What is Paraplegia?

January 29, 2016 | 5:00 am | By Pants Up Easy

It’s always tough when you don’t understand medical terminology, especially when it relates to someone we know. For instance, I would assume some of you are here because you have a friend in a wheelchair, and you’ve never had the courage to ask about what paraplegia is. That’s understandable: many might consider such a question rude. So it’s a good thing you’re here with us now, because we’re going to fill you in.

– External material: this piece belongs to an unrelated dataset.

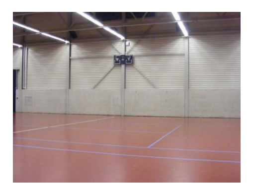
Electronic Scoreboard (Temporary)

Paraplegia is the loss of function in two limbs

And these two limbs are almost always the legs. So why did we choose such a strange term for what could also be called “leg paralysis?” Well, although the majority of paraplegic cases involve the loss of function in the legs, that’s not exactly what the term means. The prefix para- is rooted in Greek, and it means beside or alongside something. Therefore, we’ve twisted this meaning slightly to make it applicable to pairs of things.

Therefore, think of para- as referring to two of something; and in the case of paraplegia, that refers to two of your limbs. So paraplegia is literally the loss of feeling in two limbs.

How does some become paraplegic?

Most paraplegia cases happen as the result of traumatic injuries to the spinal cord. The spinal cord contains many different nerve fibers that are vitally important to the central nervous system. If those fibers become too damaged, that’s how loss of feeling occurs. Normally, it’s injuries to the lower part of the spine that result in paraplegia.

What kind of injuries?

The most common cause of paraplegia is motor vehicle accidents. However, it’s possible to become paralyzed as the result of a bad fall (such as the late Christopher Reeve, who was injured in a horseback riding accident), a gunshot wound or even a medical condition (such as MS). In more rare cases, paraplegia can occur as the result of an infection, autoimmune disease or even a tumor alongside the spine.